Les priorités du plan révisé se concentrent sur le renforcement de l’autonomie stratégique en matière énergétique, agroalimentaire, industrielle, technologique et numérique. Ceci se déclinera par :

  • Un renforcement du financement des 12 projets stratégiques de relance (« PERTE ») avec 28,3 Md€ supplémentaires, dont les 10,3 Md€ de subventions et 17,9 Md€ de prêts. Avec les 14,2 Md€ du plan initial, les projets stratégiques obtiendront au total 42,5 Md€ ;
  • Le déploiement de 14 fonds, dont 11 nouveaux, avec les 66,3 Md€ restants de prêts sur les priorités suivantes :
  • Fonds de résilience régionale de 20 Md€ destinés à des investissements des communautés autonomes et qui sera géré par la BEI ;
  • Lignes de financement pour la transition écologique (15,5 Md€) et la croissance et la résilience des entreprises (7,0 Md€) gérées par l’agence publique ICO ;
  • Ligne Next Tech pour favoriser le scale-up des start-ups technologiques de 4,0 Md€ ;
  • Ligne de promotion du logement social sous la modalité de location de 4,0 Md€ ;
  • Fonds pour financer le nouveau dispositif pérenne de chômage partiel dit « mécanisme RED » de 3,0 Md€ ;
  • Fonds d’inclusion sociale pour des investissements en capital humain et de réduction de la pauvreté infantile de 2,5 Md€ ;
  • Fonds pour financer des incitations fiscales pour des investissements « verts » des entreprises et des ménages de 2,3 Md€ ;
  • Instrument de cyber-résilience et sécurité pour les administrations et les secteurs de la sécurité, la défense, l’aéronautique et l’espace de 2,2 Md€ ;
  • Fonds de co-investissements de 2,0 Md€ ;
  • Fonds Spain Audiovisual Hub pour soutenir des productions audiovisuelles en Espagne de 1,5 Md€ ;
  • Fonds de soutien aux entreprises touchées par la crise du Covid19 de 1,0 Md€ ;
  • Instrument d’appui aux PME de 0,9 Md€ ;
  • Fonds pour des investissements d’impact social et/ou environnemental de 0,4 Md€.

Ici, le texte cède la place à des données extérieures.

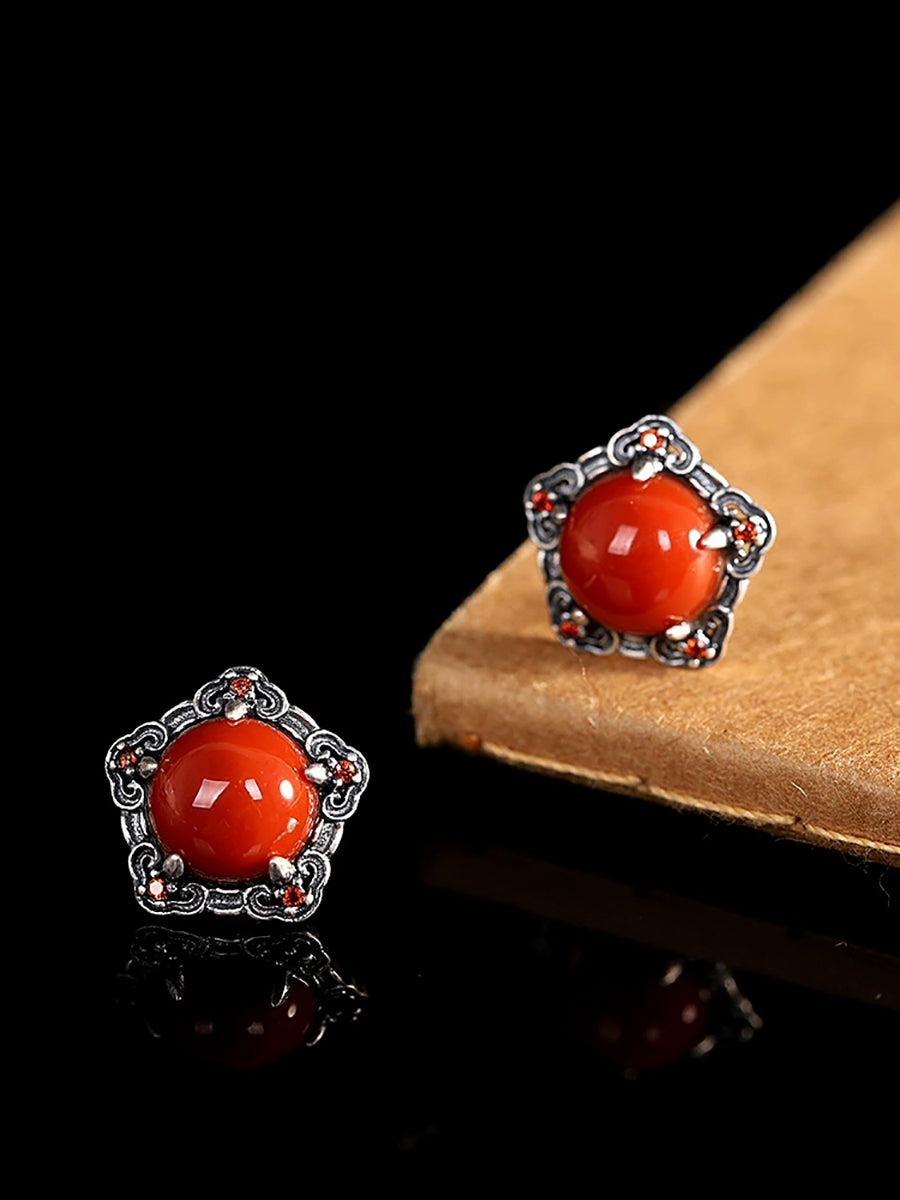 Women Vintage S925Silver Red Agate Earrings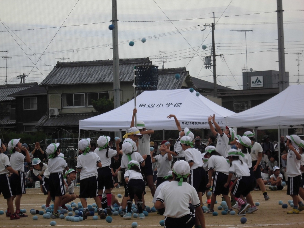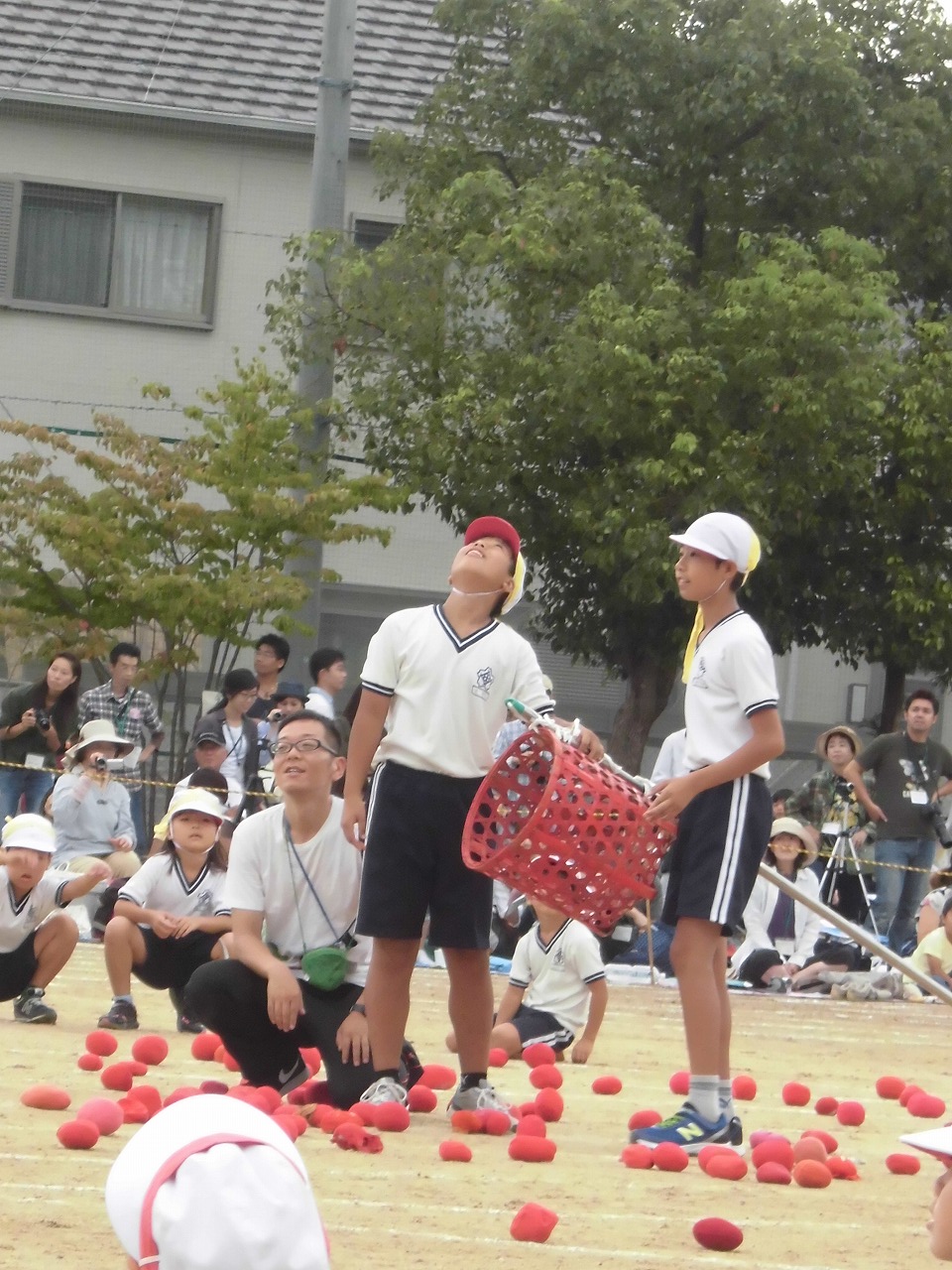 1年生の団体競技「かごいっぱいあつまれ」では、赤と青の玉を追いかけてかごいっぱいになるようねらいをつけて投げ入れました。高学年のお兄さんお姉さんがかごを支えて、玉の数を数えてくれました。

Le projet de plan révisé sera désormais évalué par la Commission européenne dans un délai de deux mois (prolongeable).

Prévisions macroéconomiques

 Prev macro

Actualité économique

1    Mesures de réponse à la crise et de relance

Mécanisme ibérique : la Commission européenne a donné son accord à l’extension du « mécanisme ibérique » jusqu’au 31 décembre 2023 (mécanisme de plafonnement du prix du gaz utilisé pour produire de l’électricité). Initialement prévu pour une durée d’un an (juin 2022-mai 2023), l’Espagne et le Portugal ont demandé de proroger ce mécanisme qui aurait permis une économie de près de 5 milliards d’euros pour le consommateur, selon le gouvernement espagnol. Le plafond de prix du gaz électrogène, actuellement de 55 €/MWh, passera à 56,1 €/MWh en juin et augmentera progressivement d’1,1 point par mois jusqu’à 65 €/MWh en décembre.

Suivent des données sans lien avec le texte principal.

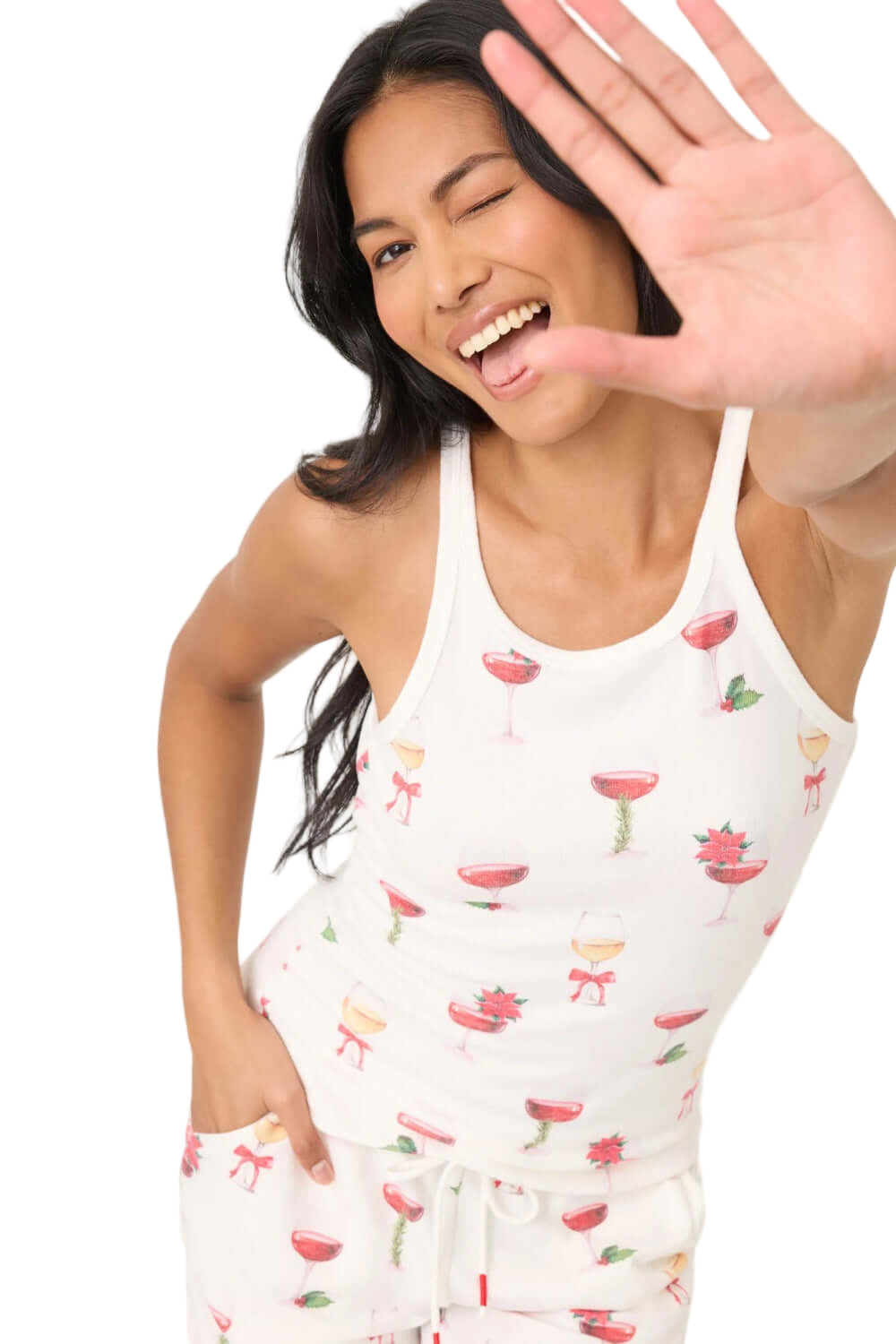 Gisele Shortie Printed PJ Set in Ski Chalet Ivory/Pine

Mesures contre l’inflation : le gouvernement prolonge la majorité des mesures en vigueur pour le 2ème semestre 2023. Le 27 juin, l’exécutif a adopté un décret-loi laissant en vigueur la plus grande partie des mesures adoptées en décembre dernier pour limiter l’impact économique de l’inflation dont notamment :

  • La baisse de la TVA de 4% à 0% pour une série de produits alimentaires de base (pain, farine, lait, fromage, œuf, fruits, légumes, légumineuses, tubercules et céréales) et de 10% à 5% pour les huiles et les pâtes. La mesure sera désactivée à partir de novembre si l’inflation sous-jacente passe sous le seuil de +5,5% en g.a. au mois de septembre ;
  • Réduction des abonnements pour les transports publics régionaux et locaux de 50%, dont 30% à charge de l’État pour un montant de 380 M€ (les réductions pour les abonnements pour les transports publics gérés par l’État étaient déjà prévues pour toute l’année 2023 dans le budget) ;
  • Réduction des prix à la pompe pour les usages professionnels (transport routier, agriculture, pêche, taxis et ambulance) avec néanmoins une sortie progressive du dispositif (de 0,20€/L actuellement à 0,10 €/L au 3ème trimestre et 0,05 €/L au 4ème trimestre) ;
  • Le prix plafond pour la vente de bouteilles de gaz butane et propane à 19,55€ (pour une bouteille de butane de 12,5kg) ;
  • La réduction de 80% des coûts d'accès au réseau et de distribution des entreprises électrointensive ;
  • Pour rappel, les réductions des impôts sur l’énergie était déjà en vigueur pour toute l’année 2023 (TVA sur l’électricité, le gaz, les briquettes/pellets provenant de biomasse et bois pour chauffage à 5%, impôt spécial sur l’électricité à 0,5% et moratoire sur l’impact de génération électrique pour les producteurs d’électricité.   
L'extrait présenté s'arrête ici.